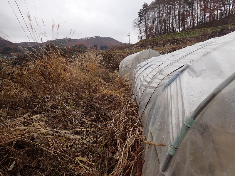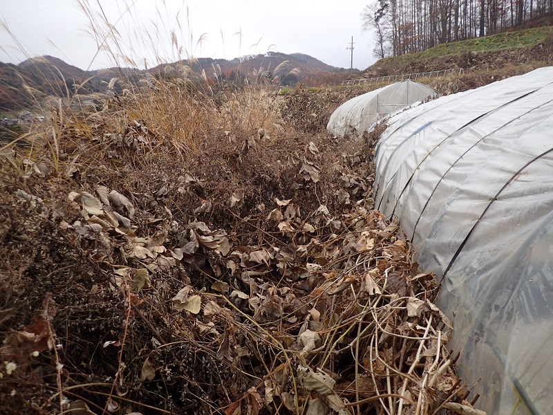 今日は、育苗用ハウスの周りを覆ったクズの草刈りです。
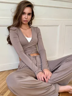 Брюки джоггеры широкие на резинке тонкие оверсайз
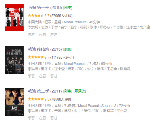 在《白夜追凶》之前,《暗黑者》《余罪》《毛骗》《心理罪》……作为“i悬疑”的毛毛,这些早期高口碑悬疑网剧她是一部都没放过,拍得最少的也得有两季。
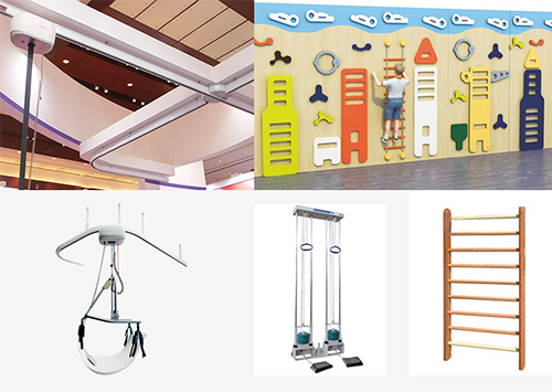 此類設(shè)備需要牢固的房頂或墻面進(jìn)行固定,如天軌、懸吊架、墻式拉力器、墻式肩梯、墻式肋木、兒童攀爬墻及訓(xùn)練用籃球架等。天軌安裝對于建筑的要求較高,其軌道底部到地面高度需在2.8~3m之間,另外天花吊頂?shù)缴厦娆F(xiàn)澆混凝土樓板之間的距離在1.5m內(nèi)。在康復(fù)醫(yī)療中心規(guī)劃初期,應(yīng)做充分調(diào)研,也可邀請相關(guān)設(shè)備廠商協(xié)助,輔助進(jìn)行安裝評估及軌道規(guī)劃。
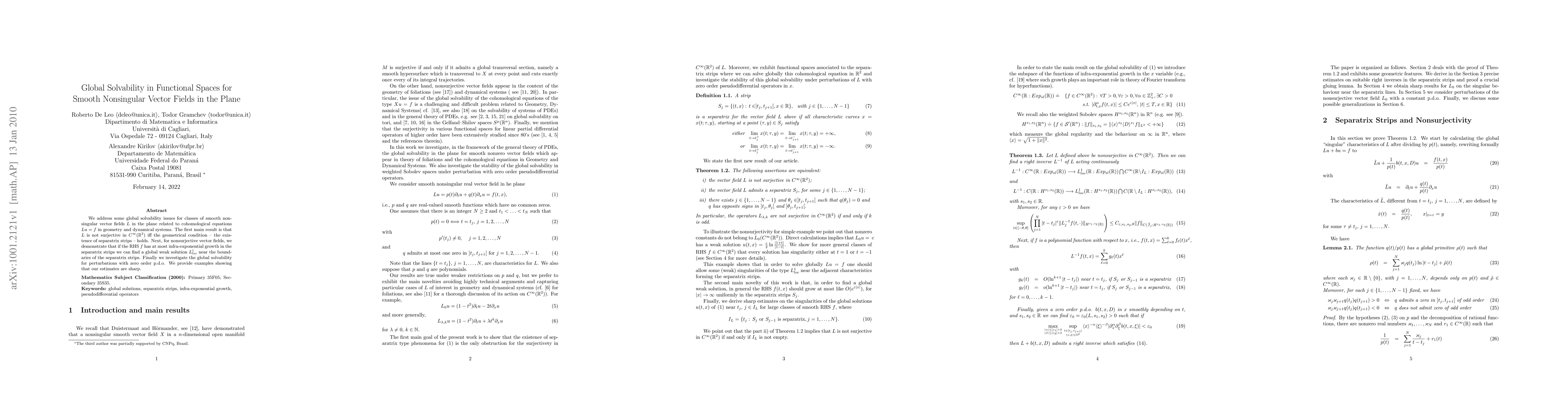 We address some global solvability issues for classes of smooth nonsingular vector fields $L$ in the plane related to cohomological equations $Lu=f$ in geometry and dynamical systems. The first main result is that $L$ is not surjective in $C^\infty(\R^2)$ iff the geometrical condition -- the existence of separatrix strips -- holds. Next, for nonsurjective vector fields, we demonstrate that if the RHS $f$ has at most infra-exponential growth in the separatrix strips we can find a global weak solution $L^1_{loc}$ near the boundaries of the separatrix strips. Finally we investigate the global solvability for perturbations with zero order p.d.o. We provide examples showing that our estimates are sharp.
* * *
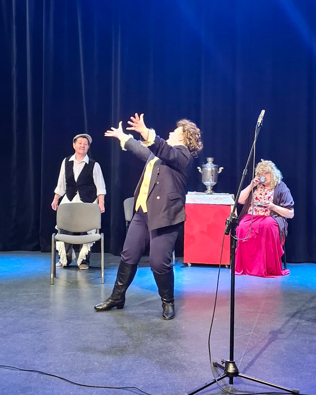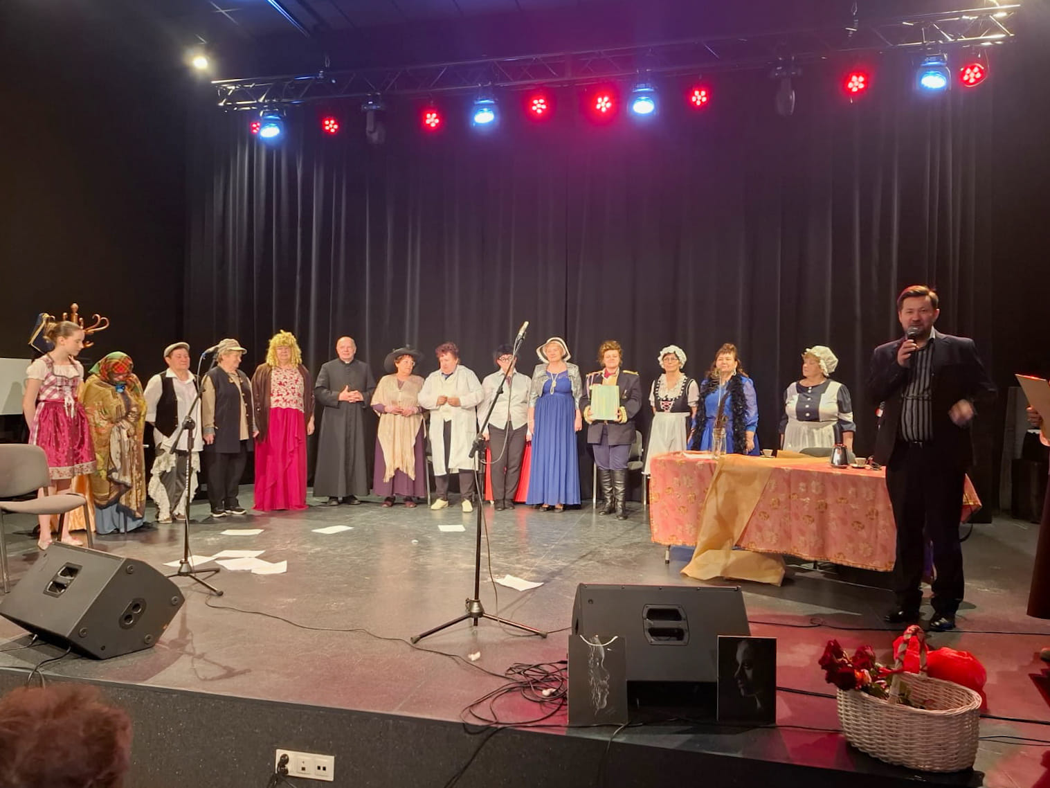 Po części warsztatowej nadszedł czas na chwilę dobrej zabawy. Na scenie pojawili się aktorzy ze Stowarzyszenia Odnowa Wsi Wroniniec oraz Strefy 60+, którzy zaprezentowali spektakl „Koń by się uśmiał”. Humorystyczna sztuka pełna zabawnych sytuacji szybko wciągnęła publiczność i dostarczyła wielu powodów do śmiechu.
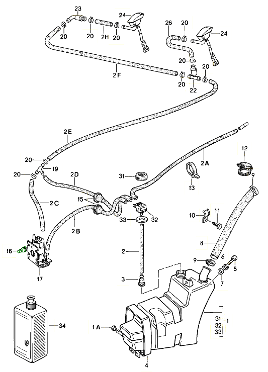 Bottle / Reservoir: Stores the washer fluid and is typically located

__Directions__: All that should be printed is the run of lines above from the one with "在《白夜追凶》之前,《暗黑者" through the one with "此類設(shè)備需要牢固的", both included, exactly as given, with pictures left out.

__Written solution__:
 在《白夜追凶》之前,《暗黑者》《余罪》《毛骗》《心理罪》……作为“i悬疑”的毛毛,这些早期高口碑悬疑网剧她是一部都没放过,拍得最少的也得有两季。
 此類設(shè)備需要牢固的房頂或墻面進(jìn)行固定,如天軌、懸吊架、墻式拉力器、墻式肩梯、墻式肋木、兒童攀爬墻及訓(xùn)練用籃球架等。天軌安裝對于建筑的要求較高,其軌道底部到地面高度需在2.8~3m之間,另外天花吊頂?shù)缴厦娆F(xiàn)澆混凝土樓板之間的距離在1.5m內(nèi)。在康復(fù)醫(yī)療中心規(guī)劃初期,應(yīng)做充分調(diào)研,也可邀請相關(guān)設(shè)備廠商協(xié)助,輔助進(jìn)行安裝評估及軌道規(guī)劃。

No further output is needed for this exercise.